/---

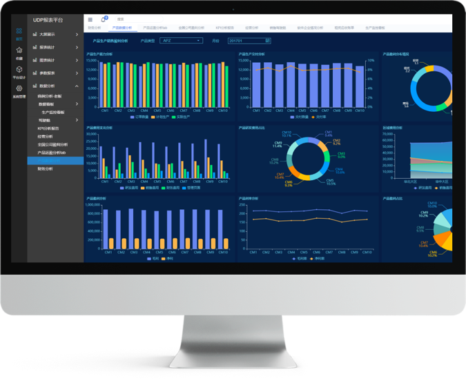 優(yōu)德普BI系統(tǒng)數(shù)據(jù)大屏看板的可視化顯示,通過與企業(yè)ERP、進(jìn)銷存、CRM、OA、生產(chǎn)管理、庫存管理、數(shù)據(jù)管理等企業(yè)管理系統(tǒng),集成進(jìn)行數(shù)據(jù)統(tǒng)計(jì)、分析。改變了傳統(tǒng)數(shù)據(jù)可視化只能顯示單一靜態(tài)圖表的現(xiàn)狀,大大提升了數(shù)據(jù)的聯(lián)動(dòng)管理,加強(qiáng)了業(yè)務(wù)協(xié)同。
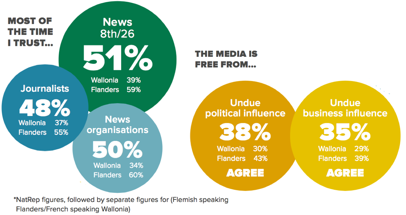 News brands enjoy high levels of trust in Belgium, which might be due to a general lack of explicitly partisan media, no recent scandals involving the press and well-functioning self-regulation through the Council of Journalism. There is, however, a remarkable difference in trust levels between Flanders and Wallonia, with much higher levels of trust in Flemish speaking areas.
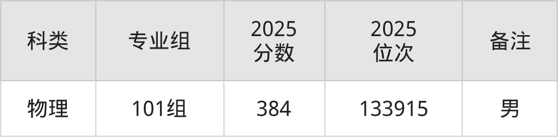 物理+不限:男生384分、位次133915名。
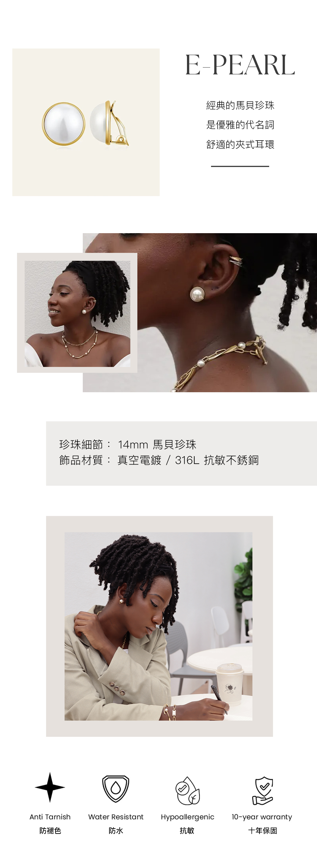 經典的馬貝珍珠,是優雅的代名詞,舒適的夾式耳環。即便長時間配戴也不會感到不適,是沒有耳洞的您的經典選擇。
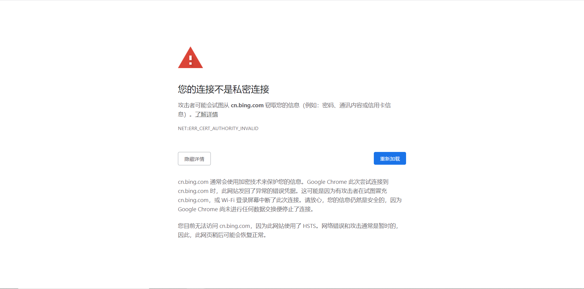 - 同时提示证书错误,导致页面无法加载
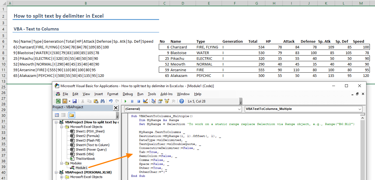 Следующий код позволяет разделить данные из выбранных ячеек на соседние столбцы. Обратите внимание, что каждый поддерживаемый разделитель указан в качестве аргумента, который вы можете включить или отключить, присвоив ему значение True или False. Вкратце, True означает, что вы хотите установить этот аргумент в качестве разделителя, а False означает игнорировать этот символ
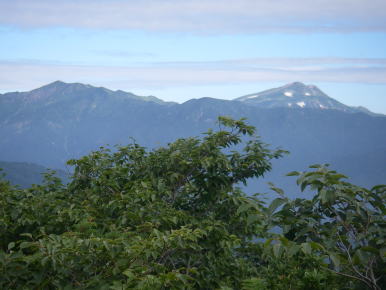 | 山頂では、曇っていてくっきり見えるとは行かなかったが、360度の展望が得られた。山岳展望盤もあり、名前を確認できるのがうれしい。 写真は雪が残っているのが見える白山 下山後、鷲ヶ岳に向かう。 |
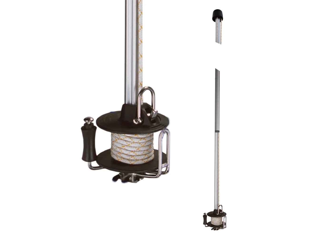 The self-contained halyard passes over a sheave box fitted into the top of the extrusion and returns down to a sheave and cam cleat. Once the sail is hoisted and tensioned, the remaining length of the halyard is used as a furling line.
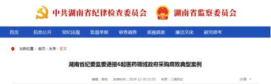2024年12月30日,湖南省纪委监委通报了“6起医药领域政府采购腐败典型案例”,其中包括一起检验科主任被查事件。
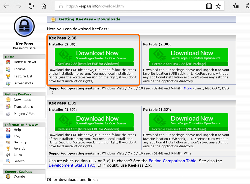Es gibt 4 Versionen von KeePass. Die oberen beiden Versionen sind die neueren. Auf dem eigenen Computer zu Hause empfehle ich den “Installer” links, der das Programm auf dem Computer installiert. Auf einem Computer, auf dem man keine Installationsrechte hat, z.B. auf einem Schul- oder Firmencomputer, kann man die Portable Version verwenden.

\---
/---

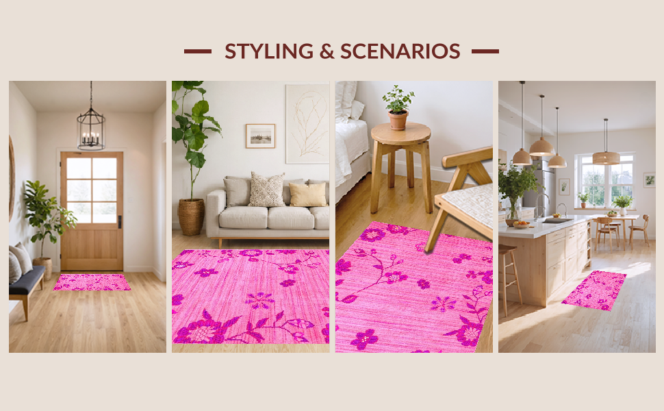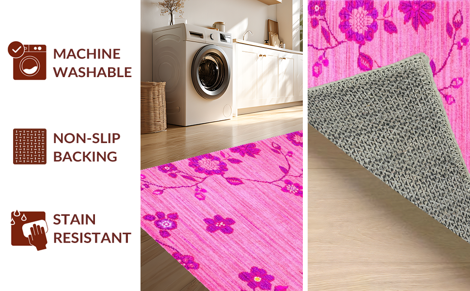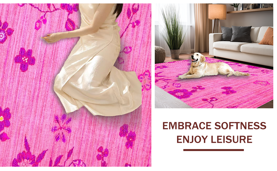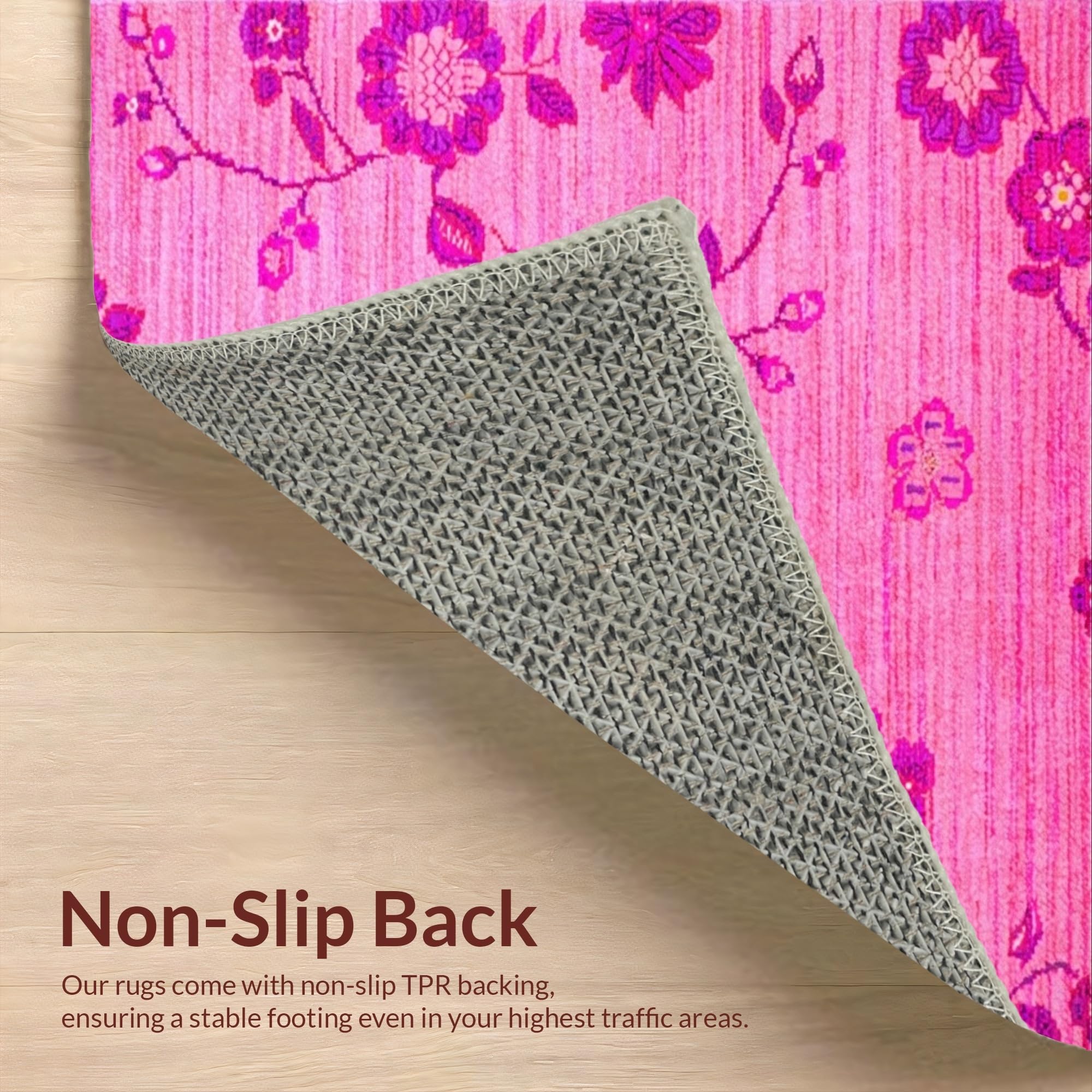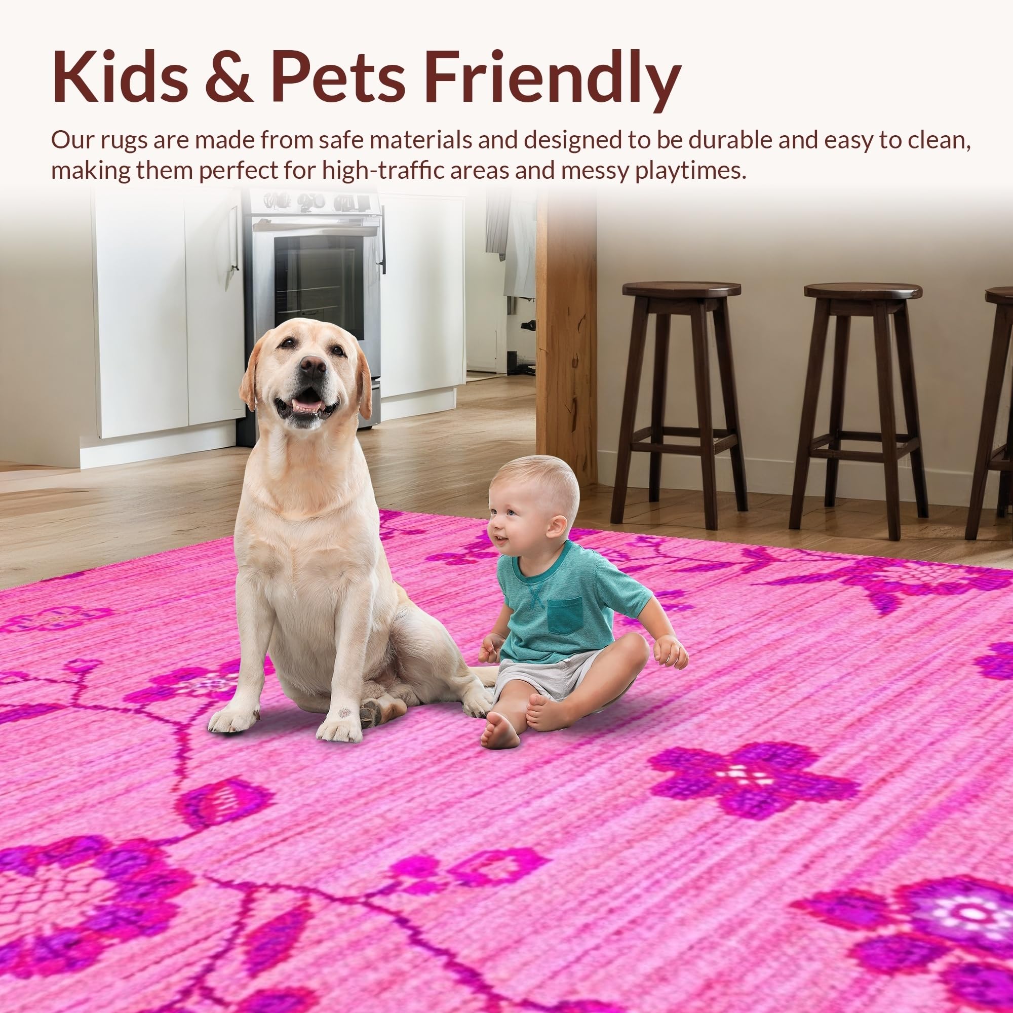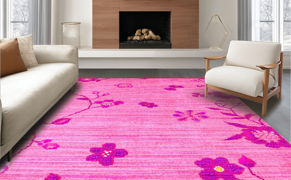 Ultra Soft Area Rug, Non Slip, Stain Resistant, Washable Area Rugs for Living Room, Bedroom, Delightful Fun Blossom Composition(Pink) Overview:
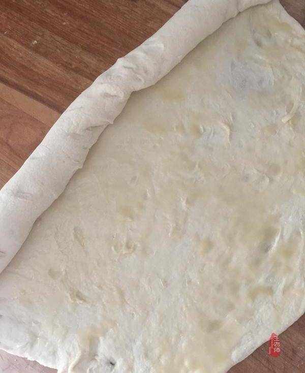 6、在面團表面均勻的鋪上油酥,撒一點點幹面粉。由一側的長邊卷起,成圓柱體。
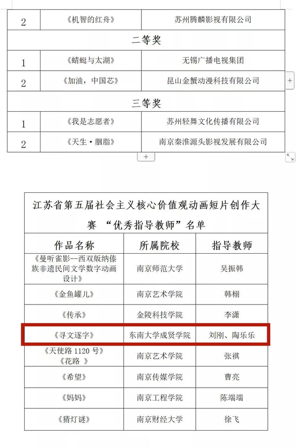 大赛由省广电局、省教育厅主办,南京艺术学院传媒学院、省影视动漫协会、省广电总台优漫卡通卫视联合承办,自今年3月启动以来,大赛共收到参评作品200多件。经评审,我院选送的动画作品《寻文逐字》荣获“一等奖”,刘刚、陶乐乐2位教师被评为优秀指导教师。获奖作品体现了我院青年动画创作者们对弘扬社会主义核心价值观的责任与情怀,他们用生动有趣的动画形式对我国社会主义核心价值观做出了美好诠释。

\---

From the line with "6、在面團表面均勻的鋪上油酥,撒一點點幹面粉。由一側的長邊卷起,成圓柱體。" up to and including the line with "大赛由省广电局、省教育厅主办" above, retype every line exactly and nothing more; leave out the pictures.

 6、在面團表面均勻的鋪上油酥,撒一點點幹面粉。由一側的長邊卷起,成圓柱體。
 大赛由省广电局、省教育厅主办,南京艺术学院传媒学院、省影视动漫协会、省广电总台优漫卡通卫视联合承办,自今年3月启动以来,大赛共收到参评作品200多件。经评审,我院选送的动画作品《寻文逐字》荣获“一等奖”,刘刚、陶乐乐2位教师被评为优秀指导教师。获奖作品体现了我院青年动画创作者们对弘扬社会主义核心价值观的责任与情怀,他们用生动有趣的动画形式对我国社会主义核心价值观做出了美好诠释。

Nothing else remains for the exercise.